INSTRUCTIONS TO FOLLOW >>
Start at the line below containing "3、在2019年以來(lái" and stop at the line containing "kurta pant set". Repeat every line of that stretch exactly, and nothing outside it.

DATA FOR THIS EXERCISE >>

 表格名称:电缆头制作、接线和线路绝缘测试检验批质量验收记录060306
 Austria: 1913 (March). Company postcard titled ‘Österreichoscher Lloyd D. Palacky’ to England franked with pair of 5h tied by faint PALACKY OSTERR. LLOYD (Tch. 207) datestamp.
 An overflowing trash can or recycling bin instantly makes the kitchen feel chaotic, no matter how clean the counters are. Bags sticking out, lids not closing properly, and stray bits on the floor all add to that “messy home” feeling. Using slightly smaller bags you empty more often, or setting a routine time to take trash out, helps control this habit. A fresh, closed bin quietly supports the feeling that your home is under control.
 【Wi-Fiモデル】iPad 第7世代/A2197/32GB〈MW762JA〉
--
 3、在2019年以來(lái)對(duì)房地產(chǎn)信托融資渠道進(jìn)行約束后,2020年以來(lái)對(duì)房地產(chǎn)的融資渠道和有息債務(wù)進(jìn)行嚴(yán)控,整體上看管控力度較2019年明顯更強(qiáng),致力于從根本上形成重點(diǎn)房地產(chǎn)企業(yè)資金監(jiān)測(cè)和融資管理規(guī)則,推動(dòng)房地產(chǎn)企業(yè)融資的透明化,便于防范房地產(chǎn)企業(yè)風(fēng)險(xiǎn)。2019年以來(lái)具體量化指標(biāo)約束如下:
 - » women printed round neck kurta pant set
==
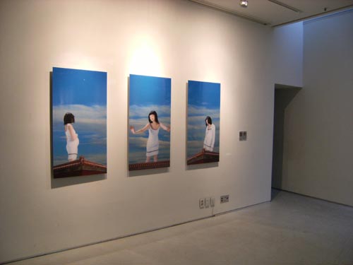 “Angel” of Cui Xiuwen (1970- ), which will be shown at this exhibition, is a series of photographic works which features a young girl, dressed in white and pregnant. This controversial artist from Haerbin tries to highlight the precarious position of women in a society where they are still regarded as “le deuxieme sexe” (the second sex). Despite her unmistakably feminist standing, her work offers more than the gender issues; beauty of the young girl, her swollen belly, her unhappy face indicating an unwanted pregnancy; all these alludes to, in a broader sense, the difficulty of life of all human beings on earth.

TASK OUTPUT >>
 3、在2019年以來(lái)對(duì)房地產(chǎn)信托融資渠道進(jìn)行約束后,2020年以來(lái)對(duì)房地產(chǎn)的融資渠道和有息債務(wù)進(jìn)行嚴(yán)控,整體上看管控力度較2019年明顯更強(qiáng),致力于從根本上形成重點(diǎn)房地產(chǎn)企業(yè)資金監(jiān)測(cè)和融資管理規(guī)則,推動(dòng)房地產(chǎn)企業(yè)融資的透明化,便于防范房地產(chǎn)企業(yè)風(fēng)險(xiǎn)。2019年以來(lái)具體量化指標(biāo)約束如下:
 - » women printed round neck kurta pant set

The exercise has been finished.